James R. Conde, a former GMU Law student (now an attorney with Boyden Gray & Associates), tells the story of this largely forgotten case in a bracing article on “Yakus and the Administrative State.” I appear as a co-author and the piece sounds a bit like me because I suggested the topic for an Advanced ConLaw seminar; because Mr. Conde suffered through that and three other courses I teach; and because I edited this magnum opus down to manageable size. But it’s mostly his impressive work.

And a harrowing story it is. Under the statute, the OPA controlled the prices of practically everything. But Congress did not regulate agricultural products, for fear of messing with the farm bloc. So as cattle prices rose during the war and beef prices remained controlled, marginal meat processors like Mr. Yakus had only two choices: go out of business, or sell on the black market. Grim stuff. Can you challenge it, on constitutional or other grounds?

How about an Ex Parte Young action (meaning an anticipatory suit based on a defense you would have in an enforcement proceeding)? Well recognized at the time but not available here: Congress had channeled all review into an Emergency Court of Appeals. (The Supreme Court upheld that arrangement.) How about an appeal to that court, following an administrative protest and process? Good luck with that: there is no administrative record (only a conclusory statement from OPA). OPA can drag out the protest forever and then supplement the “record” during the appeal, even as the petitioner is trying to show that there’s no conceivable world in which the regulation is not arbitrary and unlawful. And the most you can get is a remand, while the price order remains in effect. No one ever won a case of any consequence in front of that court.

Surely, though, you ought to be able to contest the order in a criminal enforcement proceeding, no? No. That’s the holding of Yakus. Yikes.
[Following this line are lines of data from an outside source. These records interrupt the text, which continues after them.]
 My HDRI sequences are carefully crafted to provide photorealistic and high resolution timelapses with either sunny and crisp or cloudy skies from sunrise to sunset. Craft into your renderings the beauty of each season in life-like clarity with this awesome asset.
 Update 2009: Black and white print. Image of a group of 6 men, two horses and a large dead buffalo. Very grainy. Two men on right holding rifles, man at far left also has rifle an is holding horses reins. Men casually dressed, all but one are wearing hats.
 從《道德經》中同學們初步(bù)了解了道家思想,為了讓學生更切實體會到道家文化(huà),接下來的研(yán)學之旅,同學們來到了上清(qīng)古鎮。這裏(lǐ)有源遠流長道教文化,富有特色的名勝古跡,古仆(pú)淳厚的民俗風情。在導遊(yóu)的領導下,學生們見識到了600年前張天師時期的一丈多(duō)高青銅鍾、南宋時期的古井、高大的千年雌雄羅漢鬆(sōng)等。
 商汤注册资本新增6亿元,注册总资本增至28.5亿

The AdLaw and FedCourts profession’s reassuring story is that all this is ancient history. In the textbooks, Yakus appears as a wartime embarrassment or a marginal case about the exhaustion of administrative procedures. In any event, we’re told, the Administrative Procedure Act put the administrative state on a solid footing of legal process and procedure.
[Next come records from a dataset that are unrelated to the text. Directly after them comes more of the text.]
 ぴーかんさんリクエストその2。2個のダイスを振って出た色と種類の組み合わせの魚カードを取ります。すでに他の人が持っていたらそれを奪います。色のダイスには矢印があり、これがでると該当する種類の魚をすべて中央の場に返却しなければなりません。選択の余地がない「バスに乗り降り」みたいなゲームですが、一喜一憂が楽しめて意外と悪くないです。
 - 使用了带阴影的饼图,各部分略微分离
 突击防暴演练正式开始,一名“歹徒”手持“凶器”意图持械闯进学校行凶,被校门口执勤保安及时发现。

This article argues that the common, comforting view is quite wrong. You’d think that citizens who are deprived of their livelihood must have access to an independent court; government can’t just “sport away the vested rights of individuals,” to quote one famous case (Marbury).  But that’s what happened here. It is Yakus, not Chevron or some such distraction, that stands as the real “counter-Marbury” of the administrative state. Under a thin veneer of judicial deference,  the Court cast aside the interconnected, then-still-operative doctrines that were meant to subject administrators to legal checks and controls—the delegation doctrine of Schechter; the Ex Parte Young doctrine; the constitutional fact doctrine of Crowell v. Benson; due process protections of Ben Avon fame.  And not one Supreme Court opinion and not one word in the APA casts doubt on that accomplishment.

The Yakus lessons that we have forgotten are the ones that we want to forget.